Limited Spider / Link Archival By Date

tsweezey

This isn't a specific question, rather more general regarding architecture. Any comments and guidance are appreciated...

I have a requirement where I have to search the home pages of about 40 sites to check to see if there's any mention of a series of products (keywords I define). If there is a mention, I need spider the corresponding link, assign a crawl date, and archive the link in a database. I'm just spidering one level deep.

Basically, I'm trying to create an "alert" system of sorts so I'm notified when someone has posted a preview, review, etc. of one of the defined products. Unlike a typical search engine, the latest crawl should only report qualified links that aren't already in the database. At a later time, I'll need to query document links by date ranges.

Examples:

a.
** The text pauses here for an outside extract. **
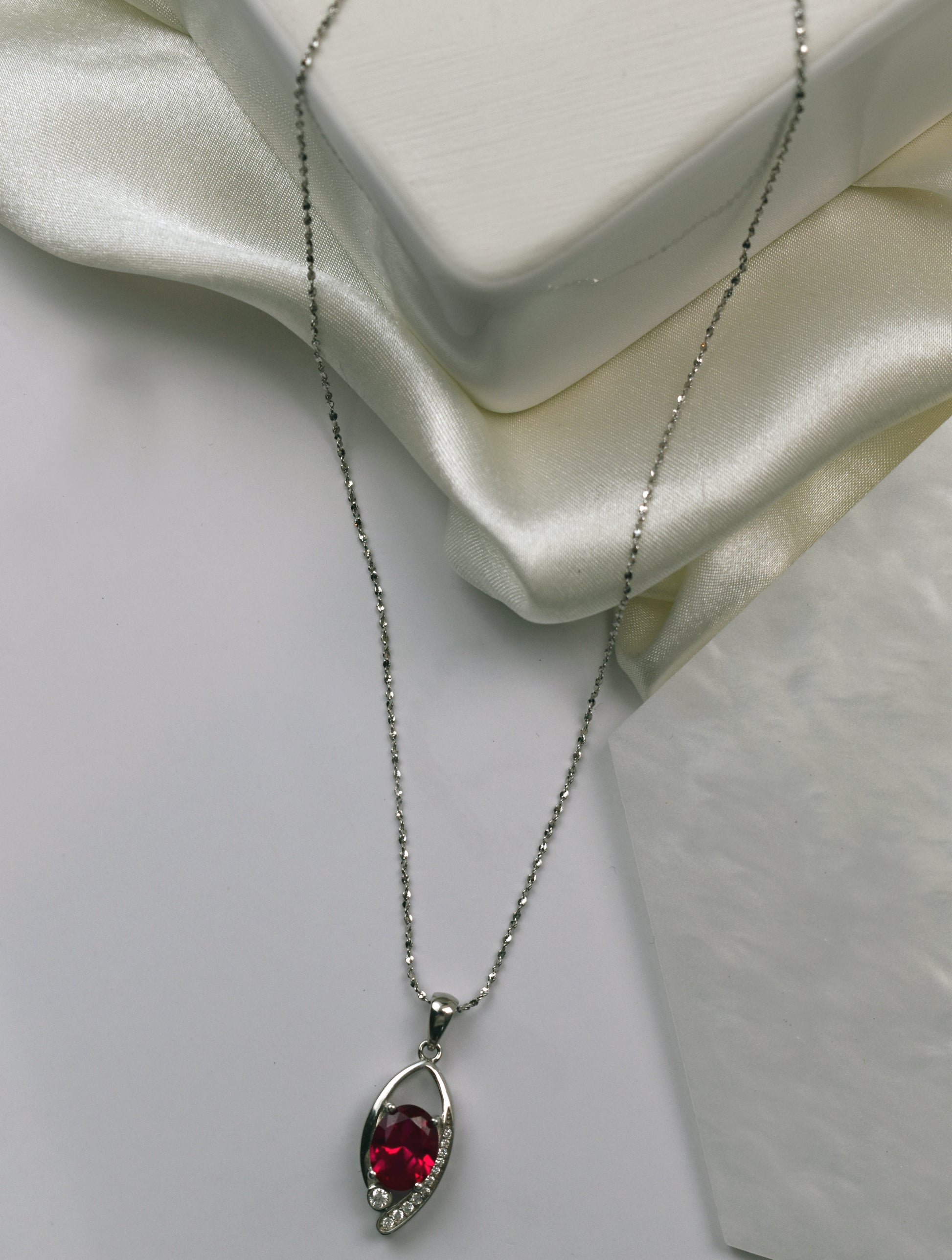 Description: This Garnet Pendant Necklace is Designed to make You Feel Like a Princess. It is inspired by the Jewelry of British Royalty such as Princess Diana and Princess Kate. The Vibrant Red 2.6ct Oval Cut Garnet and 11 Diamond Simulants on the side are set in 92,5% Pure Silver and come with the displayed 45cm fine silver chain.

Show me all widget links between January 1 and March 15th.
b. Which sites have posted information on my widget today?

What I'm thinking I need to do is:

Establish a Baseline:

Open the destination site and extract all the links
Open each link and look for keywords... If matched then date and file in db.
Create a link exclusion list. Basically, archiving all links from the homepage that will not lead to a mention of my product. Also posting the good links I just followed, so I don't follow them again.

On an ongoing basis:

Open the destination site and extract all the links
Compare against the link exclusion file
Follow only new links, archive link with date if product(s) mentioned.
Append bad links and links just filed to exclusion file
Move on to the next site.

My concern is that the script will take eons to run, and likely "time out." Before I embark on this mini-adventure, I'd certainly appreciate any comments. Time saving comments are welcome too 🙂

Regards,

Tim

sfullman

Learn preg_match -- learn to use regular expressions
when you read the files, you're going to need to clear (unset()) things if you run a lot of pages. Usually this wouldn't matter but in this case it does
IAAP use switch(){ } vs. if(condition1){ }else if(){ } etc. -- this is faster
IF you know the strings will always be a certain format you can use stristr() vs. preg_match() but I would recommend the second because I don't trust humans (and only computers sometimes).

HTH, and keep folks updated on this thread -- big project.

Sam